If you chose B, you got it right because that is essentially what happened to the Point South Homeowners Association.

It’s a little more complicated but Point South Homeowners Association discovered in 2019 that since 2007 the city had been drafting the homeowners association bank account for two dumpsters, when in fact the Point South had always had one dumpster. 

Point South is a condominium development at 2618 Randleman Road where the condos for sale range in price from $32,000 to $45,000.

The city had collected over $68,000 from Point South for a service the city didn’t provide.

The facts of the case are not in dispute, but the actions of the city should be.

The city admitted that it had overbilled by more than $68,000 and sent a check to the homeowners association for $11,520, not even 20 percent of what was due and refused to pay more.

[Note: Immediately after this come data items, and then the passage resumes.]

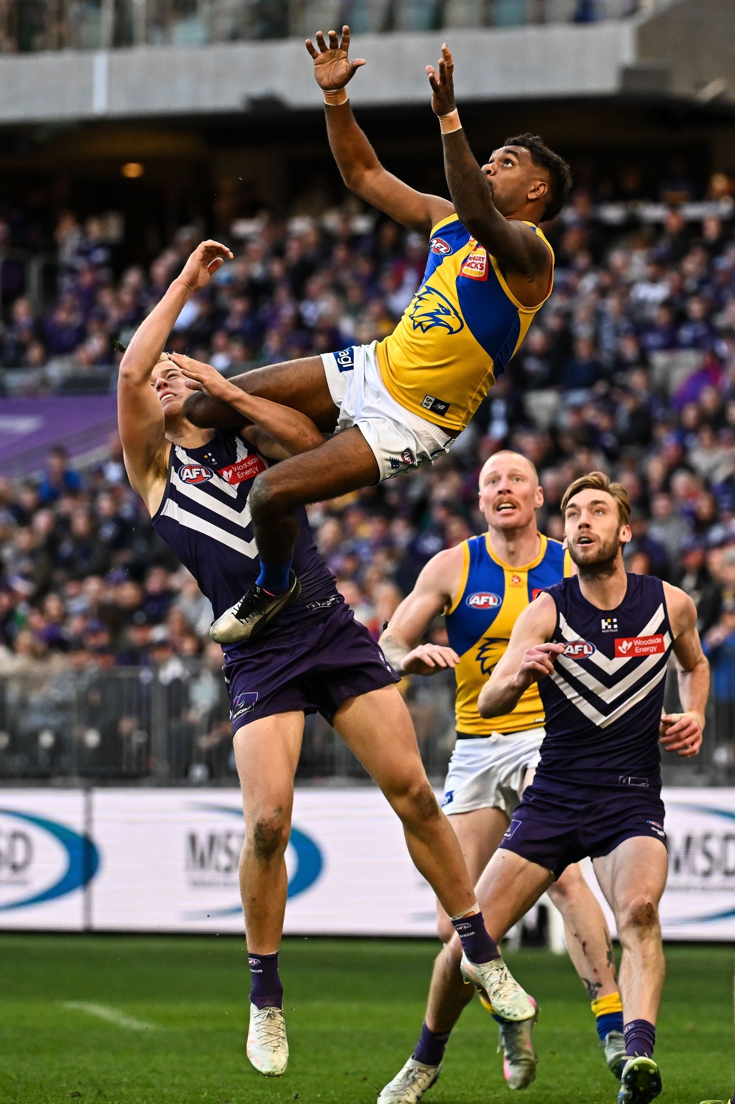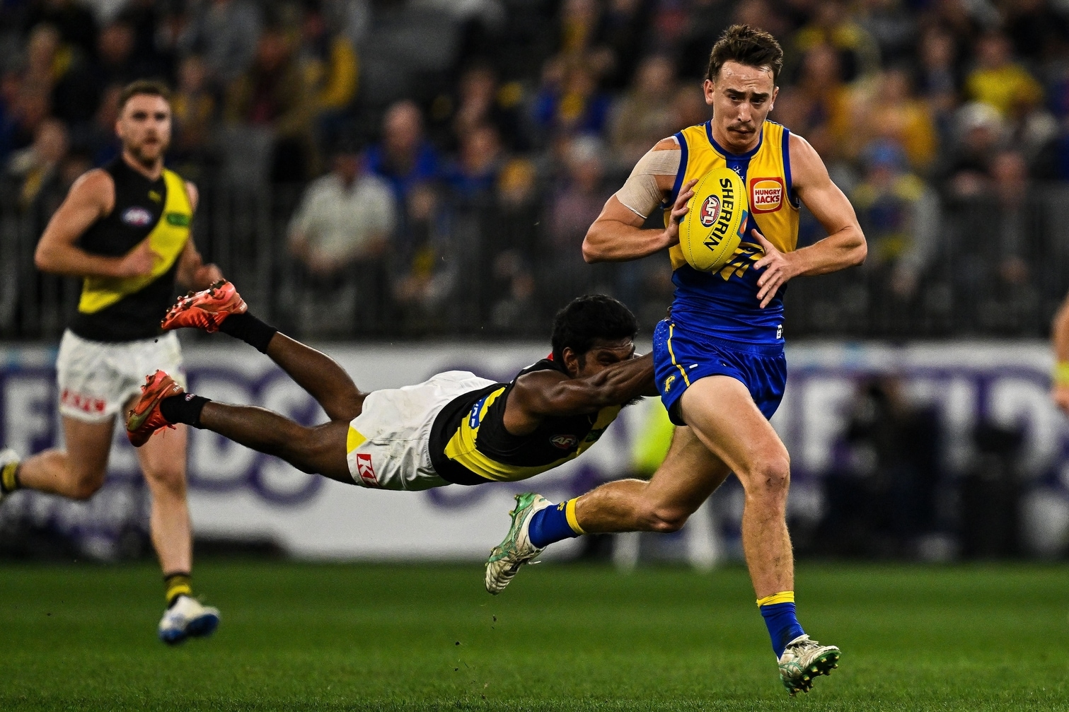 Meanwhile, Carson won the award for best photograph for his picture of Maurice Rioli jnr’s flying tackle on Brady Hough during Richmond’s clash with West Coast in round 19, 2025 at Optus Stadium.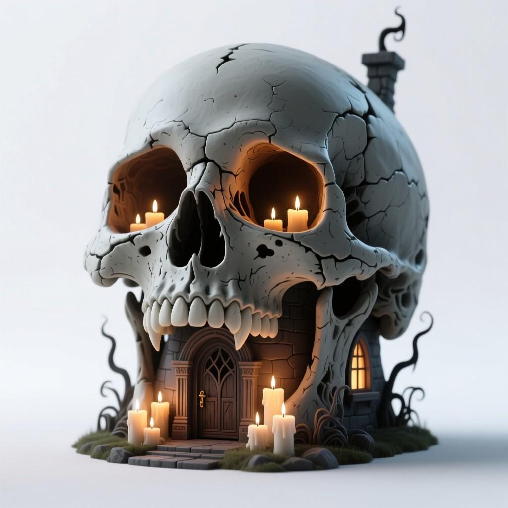 Step into the eerie glow of the Skull Candle House STL, designed by ECRAFTECH for 3D printing fans who love dark fantasy and Halloween style.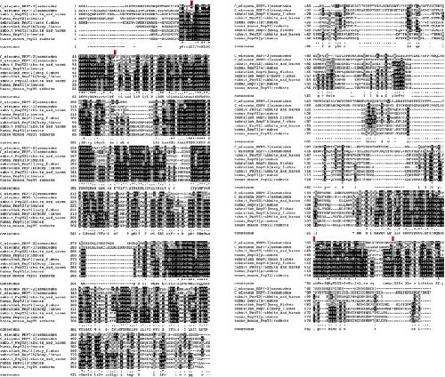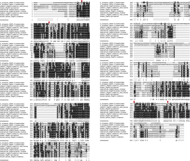 Figure 5. Sequence comparison performed on rabbit, human, mouse and zebrafish PEPT1, rabbit, human and zebrafish PEPT2, Caenorhabditis elegans PEPT1, and C. elegans PEPT2 amino acid sequences. Multiple sequence alignment was obtained by Clustal Omega (1.2.0) using default parameters. Consensus is reported. Candidate amino acid substitutions along the sequence are indicated with an arrow highlighted in red.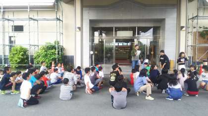 5月29日(水) 宿舎に着いてすぐに避難訓練を行いました。 この後は入浴、食事です。
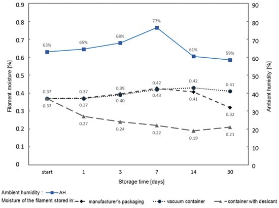 The results of the measurements are shown in Figure 10. In each case, the starting filament moisture was 0.37%. The research was carried out over a period of 30 days. During this period, the ambient humidity was 59–77%. Analysis of the chart in Figure 10 shows:
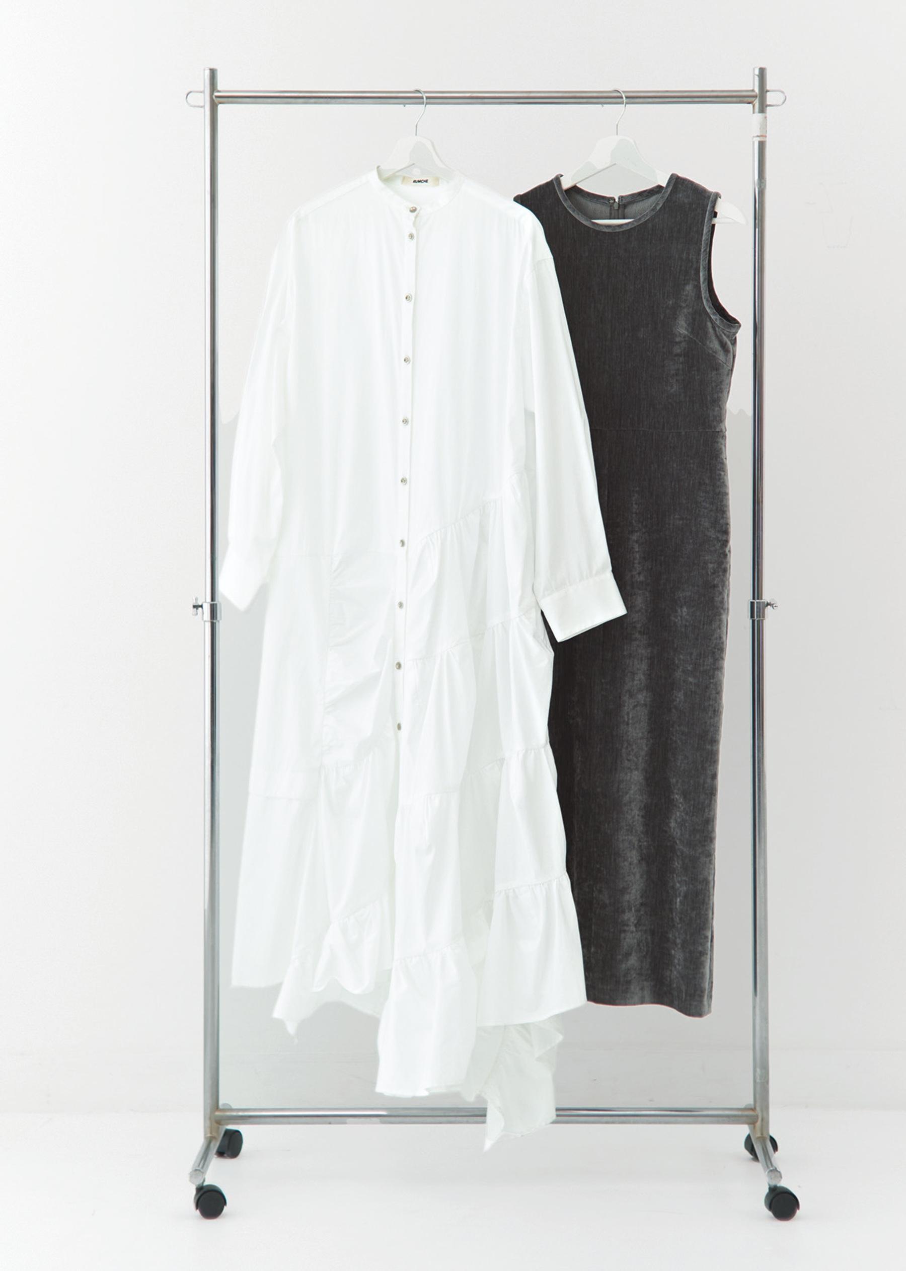 左・ドレス¥71,500(ラム・シェ) 右・ドレス¥16,940(ビューティー&ユース/ビューティー&ユース ユナイテッドアローズ 丸の内店 TEL. 03-6212-1500)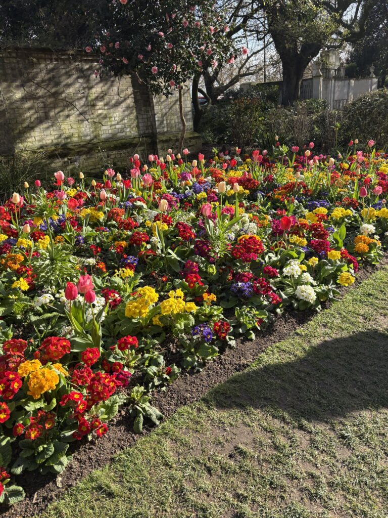ここから地下鉄に乗り、ホテルへ。今回ロンドンに来て初の地下鉄。途中でチューリップが綺麗だった。

The homeowners association hired attorney Chuck Winfree to file suit and Greensboro in court was not represented by one of the attorneys from the city attorney’s office, but by two attorneys, Olivia Fajen and Patrick Kane, from Fox Rothschild one of the largest law firms in Greensboro.

Greensboro City Attorney Chuck Watts declined to comment on the case.

The fact that the city had collected over $68,000 for a service it did not provide was not disputed in court.  The question was how much was the city legally obligated to pay and did the statute of limitations apply.

In court the question is not what is right or moral but what is legal.  NC Superior Court Judge Richard Gottlieb ruled that the statute of limitations did apply and the city couldn’t be forced to return the over payments for more than two years.  The issue of what years the $11,520 paid for was left undecided.

So the city chose to spend thousands of dollars to hire an expensive law firm to go to court to keep from paying its own citizens about $56,000 that it took from them by mistake, but legally does not have to return.

South Point is in City Council District 1 represented by Councilmember Sharon Hightower.